(Data entries)

:::

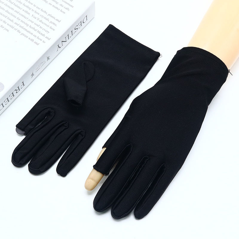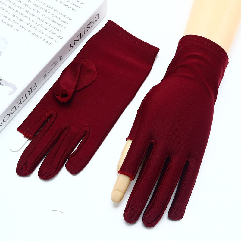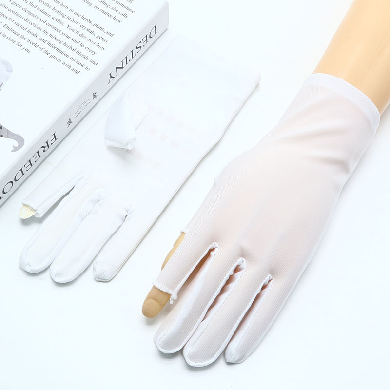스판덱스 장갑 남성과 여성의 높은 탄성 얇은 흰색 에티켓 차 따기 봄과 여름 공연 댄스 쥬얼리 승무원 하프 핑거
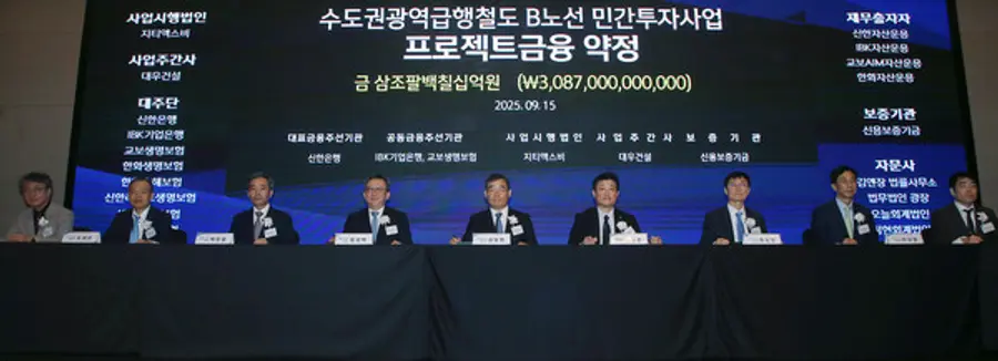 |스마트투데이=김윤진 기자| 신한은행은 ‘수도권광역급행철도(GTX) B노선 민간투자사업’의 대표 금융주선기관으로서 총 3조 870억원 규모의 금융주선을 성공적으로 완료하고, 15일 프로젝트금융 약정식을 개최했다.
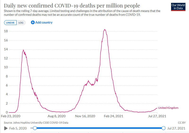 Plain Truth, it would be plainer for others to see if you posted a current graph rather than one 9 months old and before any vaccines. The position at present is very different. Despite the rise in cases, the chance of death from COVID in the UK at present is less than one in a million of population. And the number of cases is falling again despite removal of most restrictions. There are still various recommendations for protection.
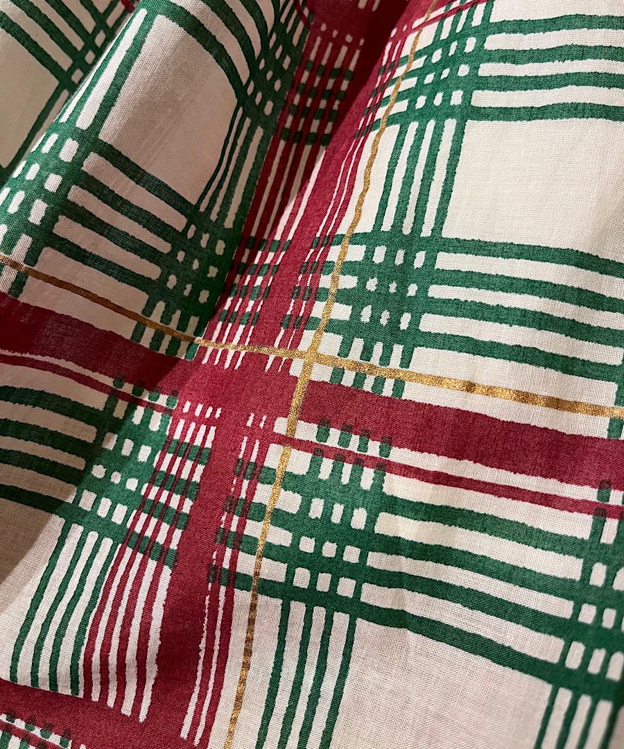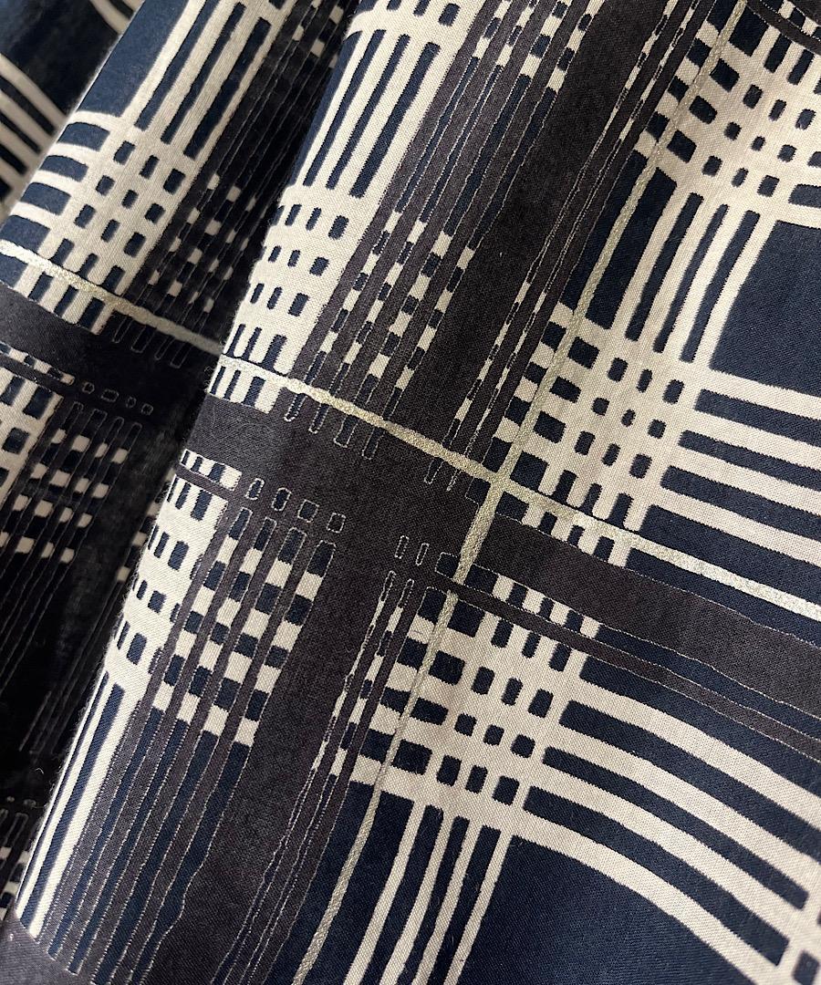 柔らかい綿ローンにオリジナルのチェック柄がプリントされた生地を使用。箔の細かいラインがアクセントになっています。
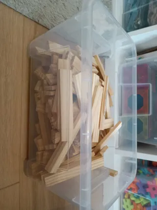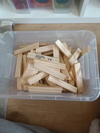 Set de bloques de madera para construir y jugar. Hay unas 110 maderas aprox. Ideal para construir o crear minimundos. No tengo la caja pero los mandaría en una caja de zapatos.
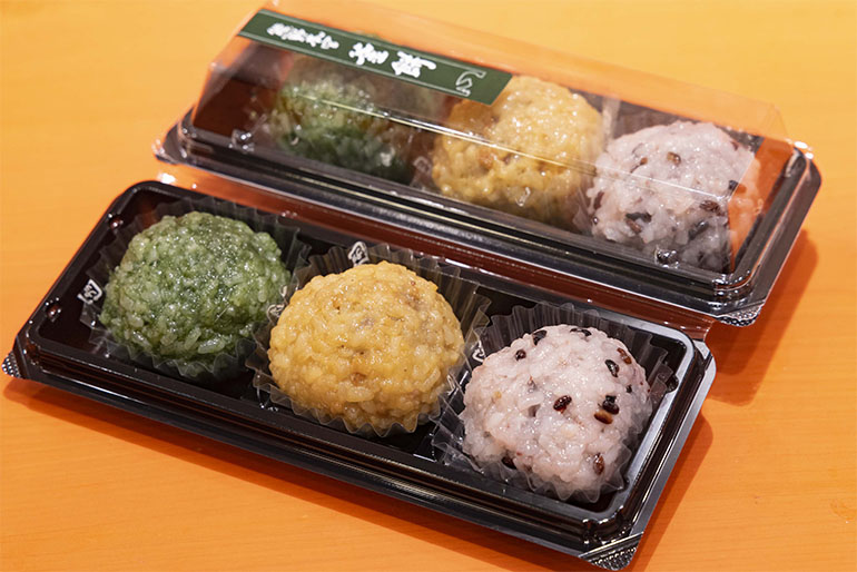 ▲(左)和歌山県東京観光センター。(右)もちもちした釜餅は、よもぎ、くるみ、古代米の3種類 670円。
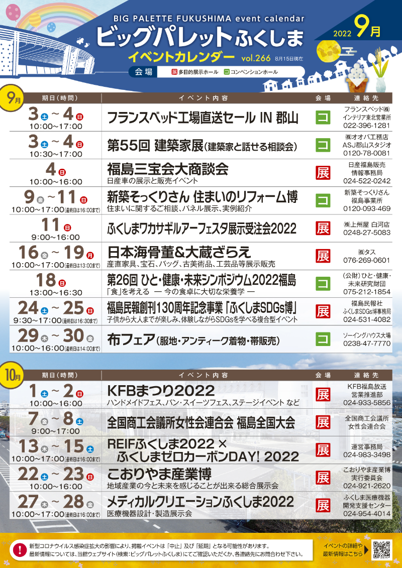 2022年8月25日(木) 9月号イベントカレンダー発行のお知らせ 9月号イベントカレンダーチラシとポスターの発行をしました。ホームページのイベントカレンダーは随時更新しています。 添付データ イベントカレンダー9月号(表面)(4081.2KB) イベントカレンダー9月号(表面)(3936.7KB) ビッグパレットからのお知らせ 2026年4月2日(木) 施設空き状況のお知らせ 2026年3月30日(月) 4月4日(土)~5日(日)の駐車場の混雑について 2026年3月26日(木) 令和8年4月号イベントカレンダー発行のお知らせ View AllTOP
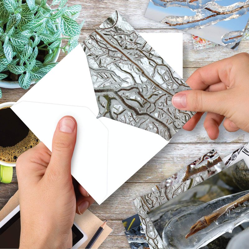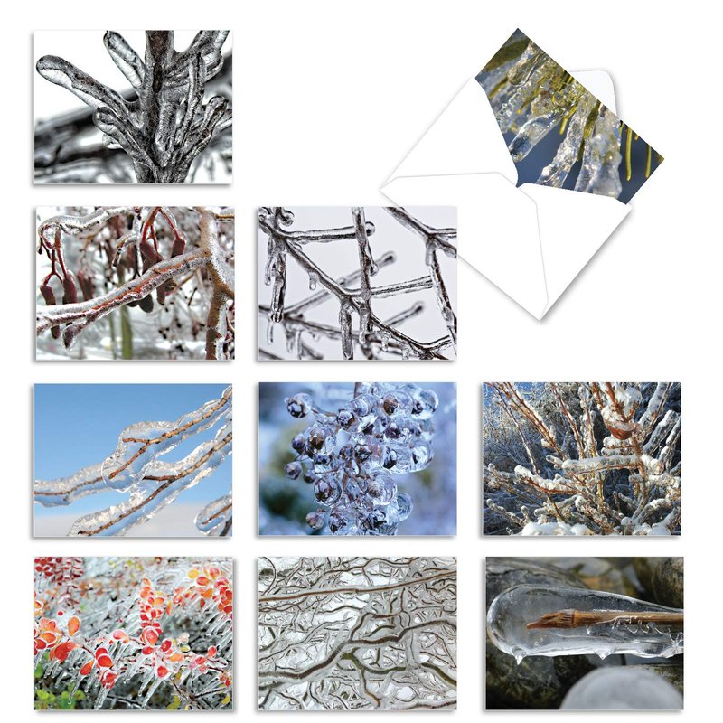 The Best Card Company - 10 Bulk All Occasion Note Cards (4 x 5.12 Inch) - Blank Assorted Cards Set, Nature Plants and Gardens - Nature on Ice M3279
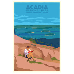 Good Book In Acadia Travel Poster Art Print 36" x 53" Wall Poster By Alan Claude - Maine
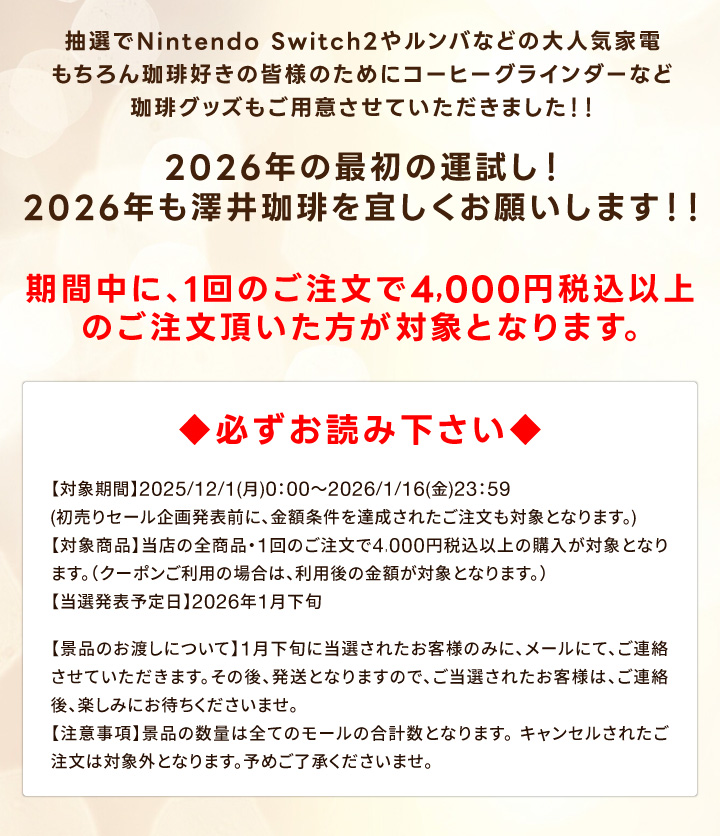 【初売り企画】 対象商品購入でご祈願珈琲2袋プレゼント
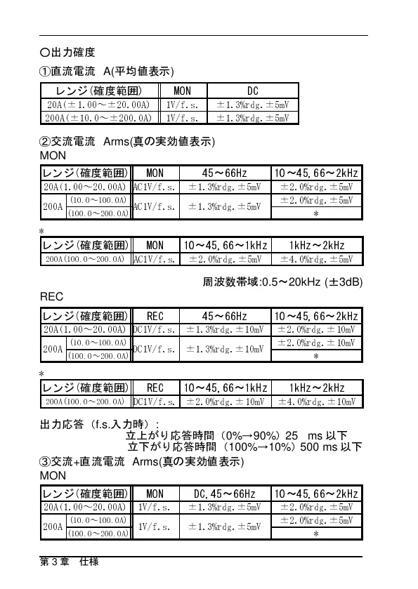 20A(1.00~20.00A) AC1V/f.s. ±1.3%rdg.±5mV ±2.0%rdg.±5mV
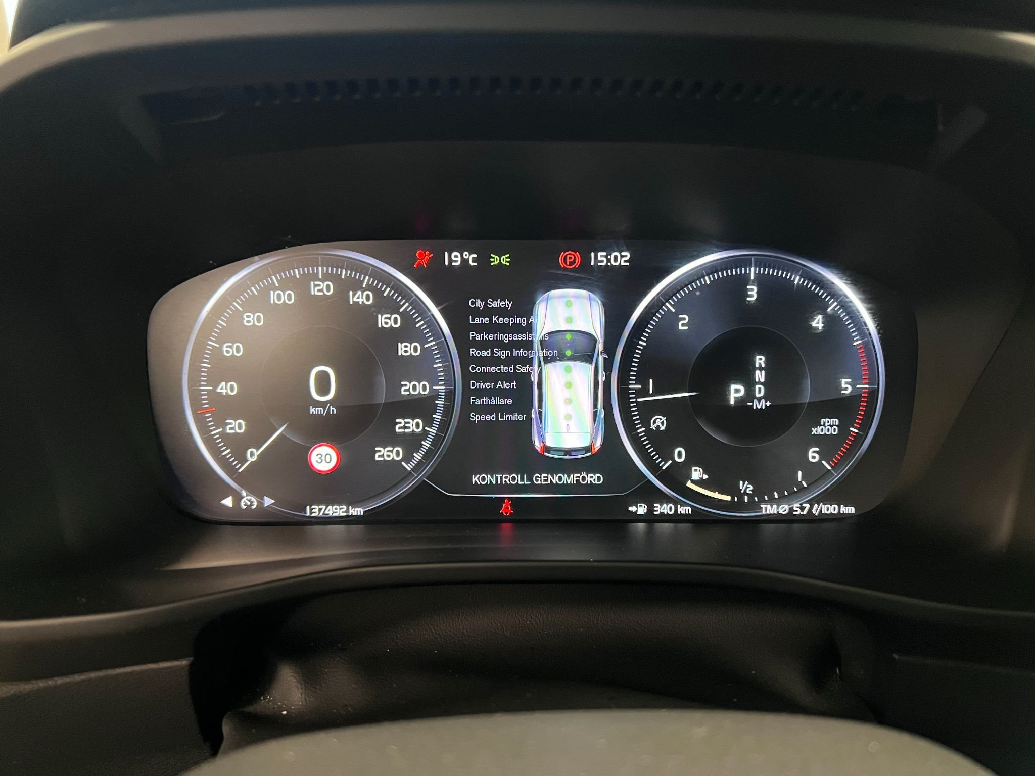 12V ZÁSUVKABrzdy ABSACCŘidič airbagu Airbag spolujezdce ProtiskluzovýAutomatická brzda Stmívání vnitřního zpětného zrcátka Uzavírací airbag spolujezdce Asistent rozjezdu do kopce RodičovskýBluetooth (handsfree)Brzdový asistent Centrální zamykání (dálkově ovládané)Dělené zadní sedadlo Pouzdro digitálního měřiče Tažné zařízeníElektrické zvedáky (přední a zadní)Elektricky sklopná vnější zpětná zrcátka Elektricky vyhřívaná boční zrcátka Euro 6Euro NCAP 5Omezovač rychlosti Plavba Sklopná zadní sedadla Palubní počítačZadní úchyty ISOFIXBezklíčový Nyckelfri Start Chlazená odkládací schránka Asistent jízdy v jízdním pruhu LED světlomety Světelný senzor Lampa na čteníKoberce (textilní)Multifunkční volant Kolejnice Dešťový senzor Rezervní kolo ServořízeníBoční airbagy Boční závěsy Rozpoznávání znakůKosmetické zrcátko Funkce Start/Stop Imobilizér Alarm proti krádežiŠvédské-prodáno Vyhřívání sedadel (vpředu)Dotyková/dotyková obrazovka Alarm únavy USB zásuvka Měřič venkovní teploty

:::

• [Problem details]:
Copy the lines above exactly, starting at the one with "프로젝트금융 약정식을 개최했다." and ending at the one with "柔らかい綿ローンにオリジナル", both included. Leave out any pictures and add nothing else.

• [Solved problem]:
 |스마트투데이=김윤진 기자| 신한은행은 ‘수도권광역급행철도(GTX) B노선 민간투자사업’의 대표 금융주선기관으로서 총 3조 870억원 규모의 금융주선을 성공적으로 완료하고, 15일 프로젝트금융 약정식을 개최했다.
 Plain Truth, it would be plainer for others to see if you posted a current graph rather than one 9 months old and before any vaccines. The position at present is very different. Despite the rise in cases, the chance of death from COVID in the UK at present is less than one in a million of population. And the number of cases is falling again despite removal of most restrictions. There are still various recommendations for protection.
 柔らかい綿ローンにオリジナルのチェック柄がプリントされた生地を使用。箔の細かいラインがアクセントになっています。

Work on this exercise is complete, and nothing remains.